Alex's Portfolio

Visualization

Visualization and Exploration of the Gapminder Dataset Using ggplot/tidyverse Packages in R


View this project’s final report and source code.

ggplot graph

The focus of this project was to explore the famous Gapminder dataset visually using ggplot graphs like the one above. I also used the other tidyverse packages like dplyr to manipulate the data in different ways to create well formatted data that fits into summary tables.

Time Series Analysis

Analysis of Homicides in the US Over Time Using R and an ARMA/SARIMA Model


View this project’s final report and source code.

homicide predictions

This project was based around forecasting methods. I find overall trends, monthly seasonality, and fit ARIMA and SARIMA models. I compare the two model’s performance as well as fit. I then forecasted homicides for the next 24 months.

Regression Analysis

Reproducing the Results and Logistic Regression Model of a study on Modeling Prison Sentencing From Facial Features


View this project’s final report and source code.

model coefficient table

The idea for this assignment was to gain experience and become more comfortable reading and interpreting scientific research papers. We also learned the importance of reproducibility and transparency. My group was tasked with reproducing the results and models from this paper and reporting on them. I was in charge of the modeling as well as the table for the models, both of which are created with the source code I linked. The picture above is a replication of the table used in the original paper. Interestingly, we ended up finding a small mistake in the paper.

Machine Learning

Predicting Ebay Car Prices Using a Random Forest Model in R


View this project’s final report, source code for the random forest model, and source code for cleaning the data.

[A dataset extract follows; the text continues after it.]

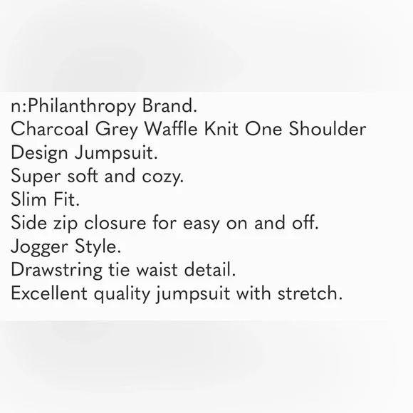 Elevate your style with this chic 1 sleeve with pockets jumpsuit in charcoal gray. Perfect for a lot of fun occasions, maybe after sledding, skiing or snowboarding?It combines comfort and fun stylingeffortlessly. Slim fitting. Adjustable waistNWT Ret $168BR2 20
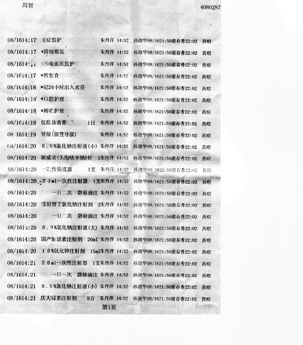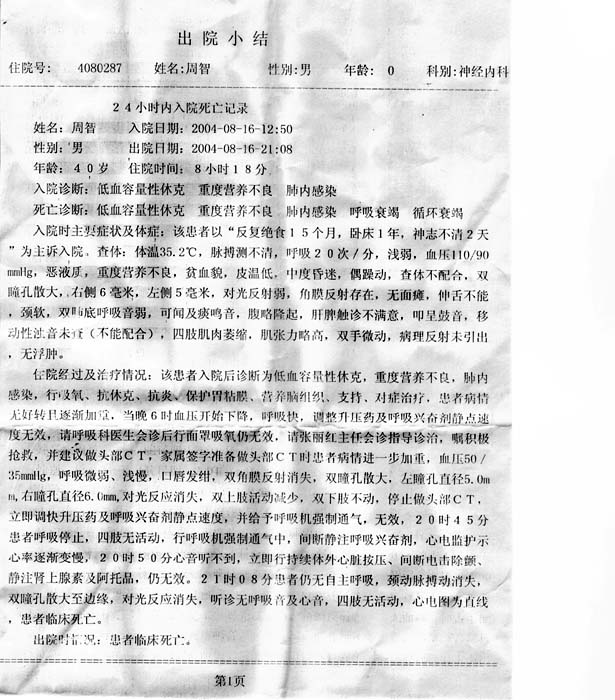 没想到8月16日我到监狱医院看到周智已是神志不清,下身尿湿一片,无人管。我对身边一个护理的人说:好好照顾照顾他吧。可他说:我们每天只给他换一次。我又找到李大队长,对他说:人都这样了,怎么还不转院治疗啊!他说正在研究。最后到了下午,在我的一再追问下,同意转到739医院。当时周智已经休克2天,瞳孔放大,肺有炎症,且肺积水(原来干瘪的肚子已鼓起)。家属要求全力抢救,终因时间拖的太久了,已经晚了,抢救无效,晚6点血压下降,9点心脏停止了跳动。

This was a group project. I handled the random forest model as well as the data cleaning. We each tried a model and compared results. The random forest model came out on top based on testing MSE. I had to learn a lot about resource allocation to complete this project. The dataset had 180k rows and 10+ possible predictors. I quickly found out that I would not be able to easily tune and train the model. The training process ended up taking a few days with cross-validation on less than half of the full dataset. I had to weigh run time vs accuracy and pick model parameters early on in the training process.

Fitting a Bayesian Hierarchical Model on Fake Flu Data. Simulated with an MCMC algorithm using R and Rjags/jags.


View this project’s final report, report source code, and model fitting source code

The setup for this project:
“There are two tests for influenza strain K9C9. The data collected consists of 10 countries and 100 pairs of test results. The more accurate of the tests will be assumed fact. The less accurate test, EZK, is the area of interest for this project. A Bayesian hierarchical model will be fit and it will be simulated with an MCMC algorithm using R/jags.”
I fit the model, assessed fit, and interpreted the results in the context of a global pandemic.